(Collection entries)
● ● ● ● ●
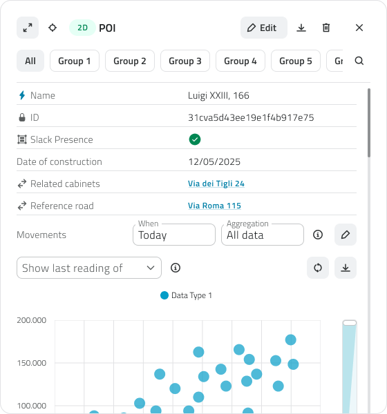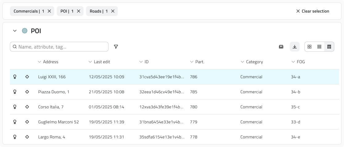 2. Chip di selezione: Clicca su una chip (classe oggetto) comparsa dopo aver selezionato un oggetto in mappa 2D o 3D.
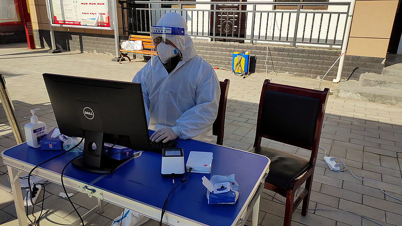凌晨5點,他又一次被電話叫醒,新一輪核酸檢測工作即將開始,天剛亮他就前往下沉的新城新泥河村開始核酸檢測準(zhǔn)備工作。穿上防護服、準(zhǔn)備好檢測二維碼、進入核酸檢測系統(tǒng),一系列動作一氣呵成,這已經(jīng)是他配合開展的第6輪核酸檢測工作了。
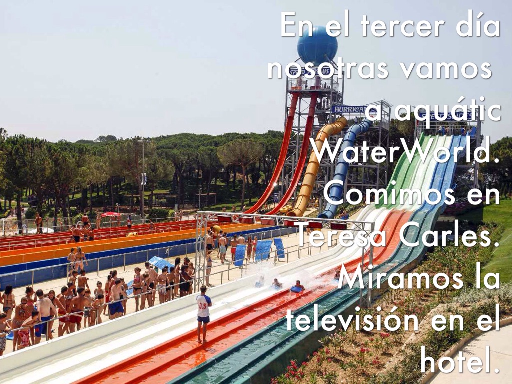 En el tercer día nosotras vamos a aquátic WaterWorld. Comimos en Teresa Carles. Miramos la televisión en el hotel.
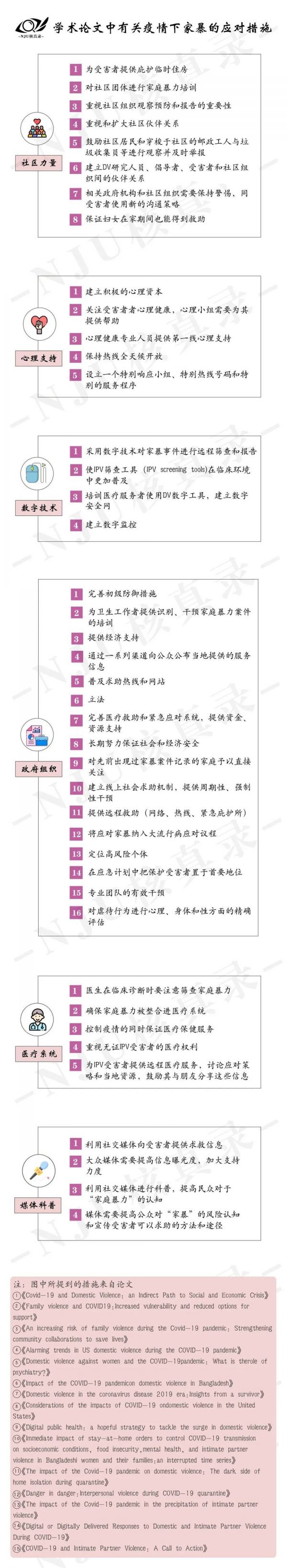 疫情期间增加的家暴数量也引起了学术界的关注,核真录记者在谷歌学术中以“domestic violence+pandemic”“domestic violence+covid”为关键词进行检索,在搜索结果中抽取了15篇有关疫情期间家暴行为与措施的学术论文,并对其提出的针对性建议进行初步梳理和统计。
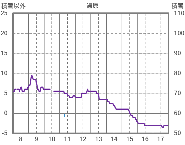 | 日 | 時 | 気温 | 降水 | 風向/風速 | 日照 | 積雪 | 降雪 |
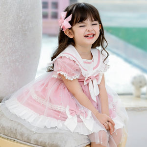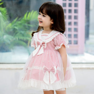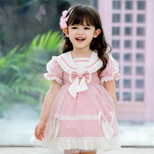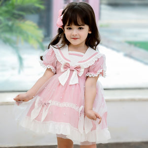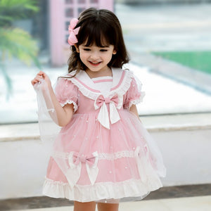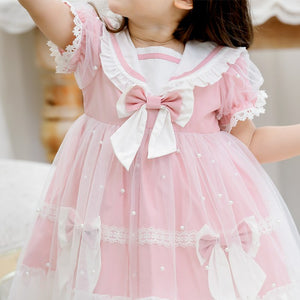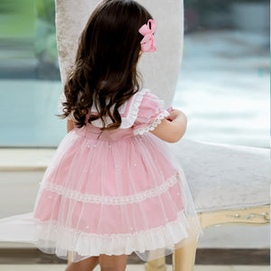 The Pink Ribbon Dress features a cute bow in the center and beautiful lace design that makes your little one feel special.
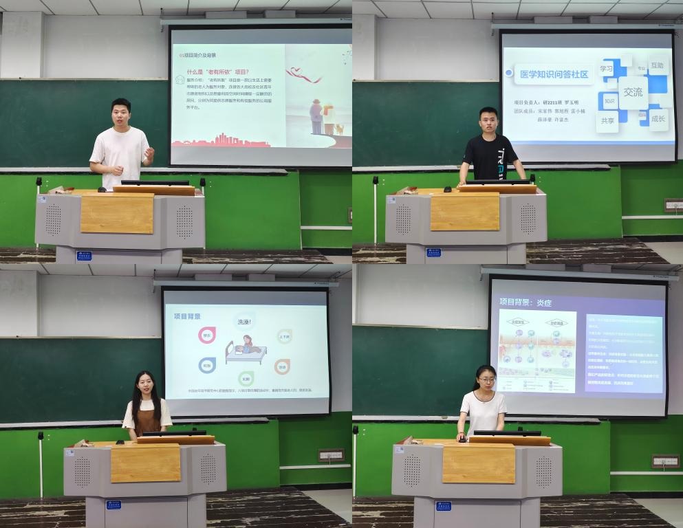 本次比赛共有43个项目参与评选,严格按照校赛要求进行路演,选手们通过精美的PPT进行现场展示,项目背景、项目概述、市场分析以及发展战略等内容的一一展开,生动地介绍了自己的想法和产品,充分展现了选手们的创新思维和个人魅力,向大家展示了数字经济时代和现代医学相结合的巨大潜力。
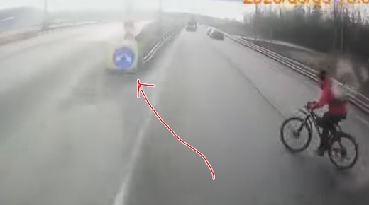 Pie nobrauktuves no ātrgaitas autoceļa, autovadītājam ceļu aizšķērso velosipēdists.
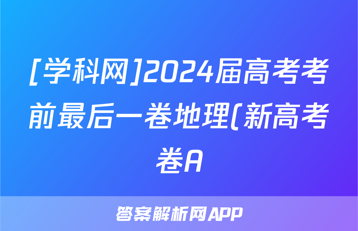[学科网]2024届高考考前最后一卷地理(新高考卷A)(新教材)试题正在持续更新,目前2026天舟高考答案网为大家整理了相关试题及答案,供大家查缺补漏,高效提升成绩。
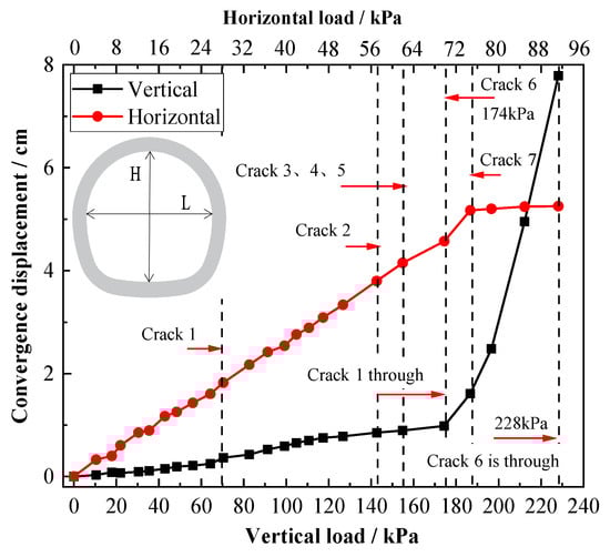 To investigate the deformation law of the lining during the test, vertical and horizontal convergence of the lining are analyzed in this part. Figure 12 shows the relation curve between deformation and load. When the external load was between 0 and 70 kPa, vertical convergence increased slowly, and horizontal displacement increased linearly with the increased load. When crack 1 appeared, the vertical convergence ratio increased, and when the load reached 174 kPa (through-crack 1), vertical deformation increased sharply. The appearance of through-crack 1 indicates that the vault of the lining was damaged, decreasing the load transferring from the arch to the sidewall. At this time, horizontal displacement tended to be gentle, however, vertical deformation increased sharply until structural failure occurred. It can be concluded that vertical displacement was greatly affected by the crack at the vault, while the appearance of cracks in other parts of the lining had little influence on vertical deformation.
● ● ● ● ●
Your goal
Using the data above, transcribe exactly the lines between those containing "The Pink Ribbon" and "Pie nobrauktuves no", inclusive, and leave every picture behind.

Your response
 The Pink Ribbon Dress features a cute bow in the center and beautiful lace design that makes your little one feel special.
 本次比赛共有43个项目参与评选,严格按照校赛要求进行路演,选手们通过精美的PPT进行现场展示,项目背景、项目概述、市场分析以及发展战略等内容的一一展开,生动地介绍了自己的想法和产品,充分展现了选手们的创新思维和个人魅力,向大家展示了数字经济时代和现代医学相结合的巨大潜力。
 Pie nobrauktuves no ātrgaitas autoceļa, autovadītājam ceļu aizšķērso velosipēdists.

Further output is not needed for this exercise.